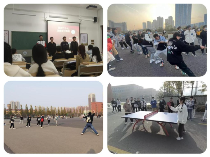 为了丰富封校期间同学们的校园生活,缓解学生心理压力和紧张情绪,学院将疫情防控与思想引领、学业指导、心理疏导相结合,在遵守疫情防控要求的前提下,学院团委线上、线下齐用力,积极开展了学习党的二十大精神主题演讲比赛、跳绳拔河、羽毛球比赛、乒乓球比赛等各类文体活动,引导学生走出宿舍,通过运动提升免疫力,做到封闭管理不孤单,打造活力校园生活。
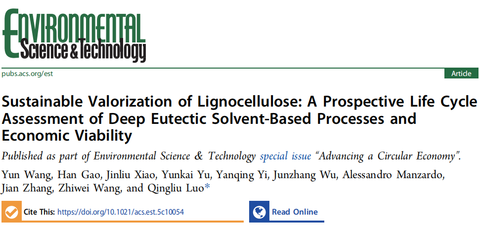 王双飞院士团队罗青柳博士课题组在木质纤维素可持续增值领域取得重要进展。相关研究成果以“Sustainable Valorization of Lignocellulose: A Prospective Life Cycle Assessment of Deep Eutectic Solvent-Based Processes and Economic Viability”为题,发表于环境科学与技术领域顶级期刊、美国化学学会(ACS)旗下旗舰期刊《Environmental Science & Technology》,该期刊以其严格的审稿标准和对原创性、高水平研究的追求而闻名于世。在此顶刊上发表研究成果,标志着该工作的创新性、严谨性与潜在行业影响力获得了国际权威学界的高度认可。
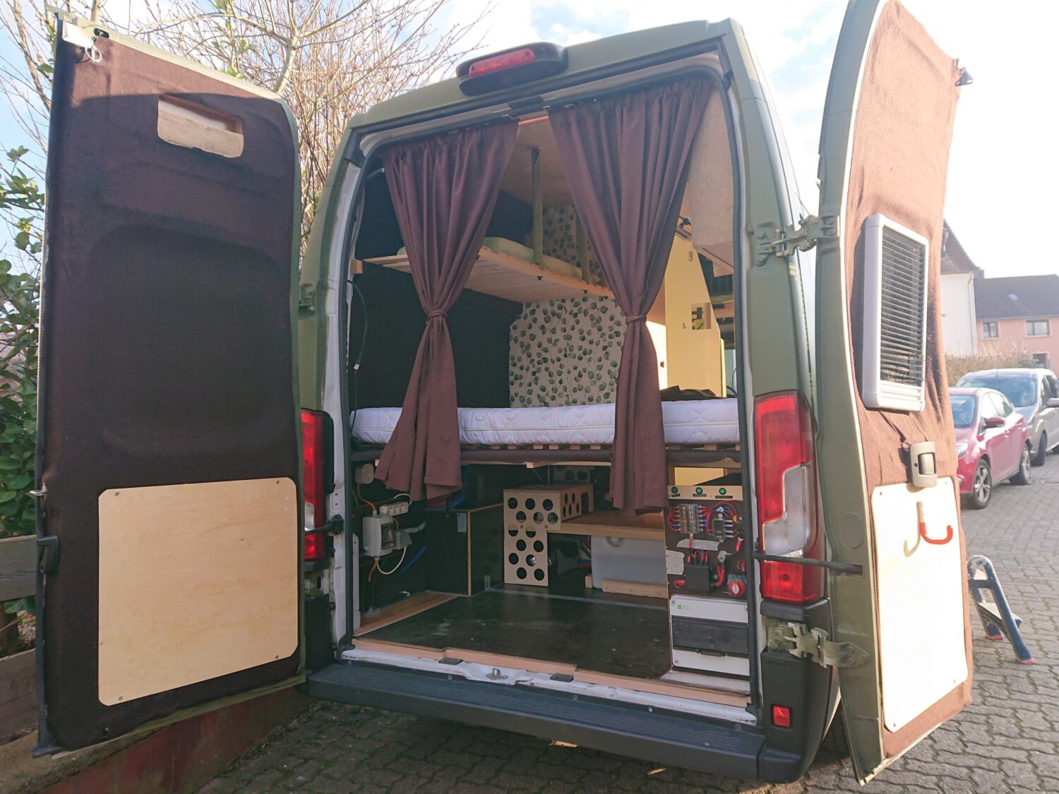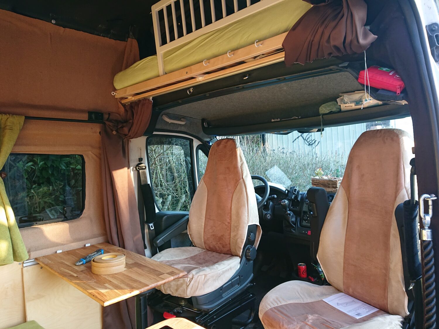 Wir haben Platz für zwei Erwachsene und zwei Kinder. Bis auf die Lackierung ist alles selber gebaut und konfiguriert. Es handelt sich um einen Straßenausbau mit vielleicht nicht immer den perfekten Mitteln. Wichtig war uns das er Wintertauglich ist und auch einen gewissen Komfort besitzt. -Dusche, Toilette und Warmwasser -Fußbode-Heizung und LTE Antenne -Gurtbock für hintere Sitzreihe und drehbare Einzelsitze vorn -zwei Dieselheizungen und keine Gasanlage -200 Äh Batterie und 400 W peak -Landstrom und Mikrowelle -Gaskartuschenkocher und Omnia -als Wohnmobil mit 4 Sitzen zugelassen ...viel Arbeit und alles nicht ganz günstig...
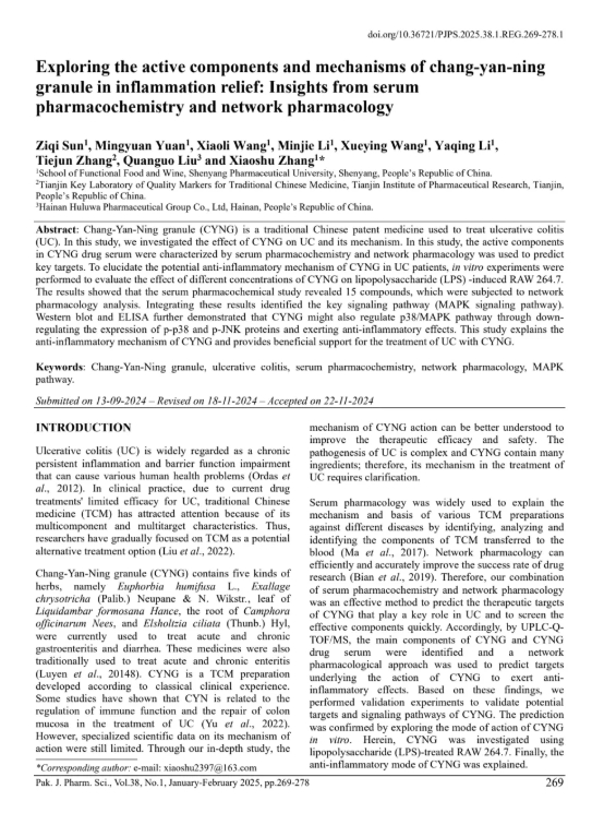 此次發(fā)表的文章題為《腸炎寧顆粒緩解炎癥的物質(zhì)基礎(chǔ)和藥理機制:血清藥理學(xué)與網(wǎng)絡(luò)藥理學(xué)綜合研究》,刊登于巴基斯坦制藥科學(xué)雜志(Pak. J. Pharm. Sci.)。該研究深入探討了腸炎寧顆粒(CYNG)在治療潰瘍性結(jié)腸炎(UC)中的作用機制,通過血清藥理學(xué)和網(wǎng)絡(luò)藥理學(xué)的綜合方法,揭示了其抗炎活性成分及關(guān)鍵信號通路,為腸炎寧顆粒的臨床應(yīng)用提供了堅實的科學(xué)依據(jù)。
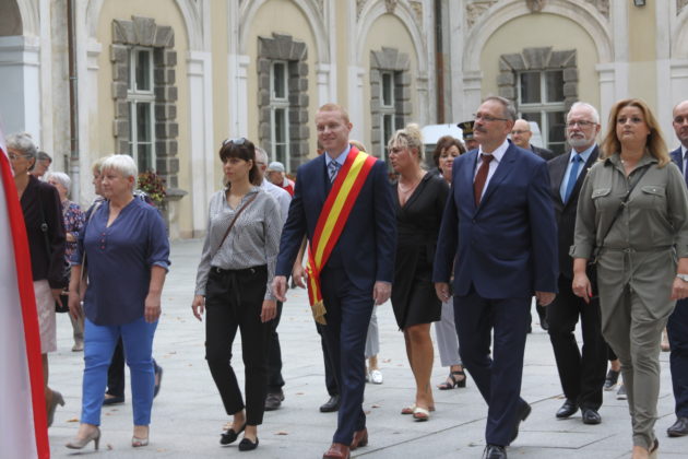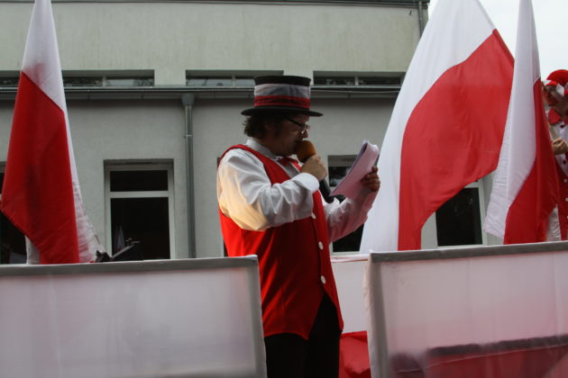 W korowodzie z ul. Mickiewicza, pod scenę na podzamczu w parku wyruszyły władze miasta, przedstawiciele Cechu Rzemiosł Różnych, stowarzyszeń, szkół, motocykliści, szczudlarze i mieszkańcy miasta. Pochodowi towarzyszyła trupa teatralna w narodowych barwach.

> **Exercise objective**: In the copy, include every record exactly and no pictures.

> **Written solution**:
 为了丰富封校期间同学们的校园生活,缓解学生心理压力和紧张情绪,学院将疫情防控与思想引领、学业指导、心理疏导相结合,在遵守疫情防控要求的前提下,学院团委线上、线下齐用力,积极开展了学习党的二十大精神主题演讲比赛、跳绳拔河、羽毛球比赛、乒乓球比赛等各类文体活动,引导学生走出宿舍,通过运动提升免疫力,做到封闭管理不孤单,打造活力校园生活。
 王双飞院士团队罗青柳博士课题组在木质纤维素可持续增值领域取得重要进展。相关研究成果以“Sustainable Valorization of Lignocellulose: A Prospective Life Cycle Assessment of Deep Eutectic Solvent-Based Processes and Economic Viability”为题,发表于环境科学与技术领域顶级期刊、美国化学学会(ACS)旗下旗舰期刊《Environmental Science & Technology》,该期刊以其严格的审稿标准和对原创性、高水平研究的追求而闻名于世。在此顶刊上发表研究成果,标志着该工作的创新性、严谨性与潜在行业影响力获得了国际权威学界的高度认可。
 Wir haben Platz für zwei Erwachsene und zwei Kinder. Bis auf die Lackierung ist alles selber gebaut und konfiguriert. Es handelt sich um einen Straßenausbau mit vielleicht nicht immer den perfekten Mitteln. Wichtig war uns das er Wintertauglich ist und auch einen gewissen Komfort besitzt. -Dusche, Toilette und Warmwasser -Fußbode-Heizung und LTE Antenne -Gurtbock für hintere Sitzreihe und drehbare Einzelsitze vorn -zwei Dieselheizungen und keine Gasanlage -200 Äh Batterie und 400 W peak -Landstrom und Mikrowelle -Gaskartuschenkocher und Omnia -als Wohnmobil mit 4 Sitzen zugelassen ...viel Arbeit und alles nicht ganz günstig...
 此次發(fā)表的文章題為《腸炎寧顆粒緩解炎癥的物質(zhì)基礎(chǔ)和藥理機制:血清藥理學(xué)與網(wǎng)絡(luò)藥理學(xué)綜合研究》,刊登于巴基斯坦制藥科學(xué)雜志(Pak. J. Pharm. Sci.)。該研究深入探討了腸炎寧顆粒(CYNG)在治療潰瘍性結(jié)腸炎(UC)中的作用機制,通過血清藥理學(xué)和網(wǎng)絡(luò)藥理學(xué)的綜合方法,揭示了其抗炎活性成分及關(guān)鍵信號通路,為腸炎寧顆粒的臨床應(yīng)用提供了堅實的科學(xué)依據(jù)。
 W korowodzie z ul. Mickiewicza, pod scenę na podzamczu w parku wyruszyły władze miasta, przedstawiciele Cechu Rzemiosł Różnych, stowarzyszeń, szkół, motocykliści, szczudlarze i mieszkańcy miasta. Pochodowi towarzyszyła trupa teatralna w narodowych barwach.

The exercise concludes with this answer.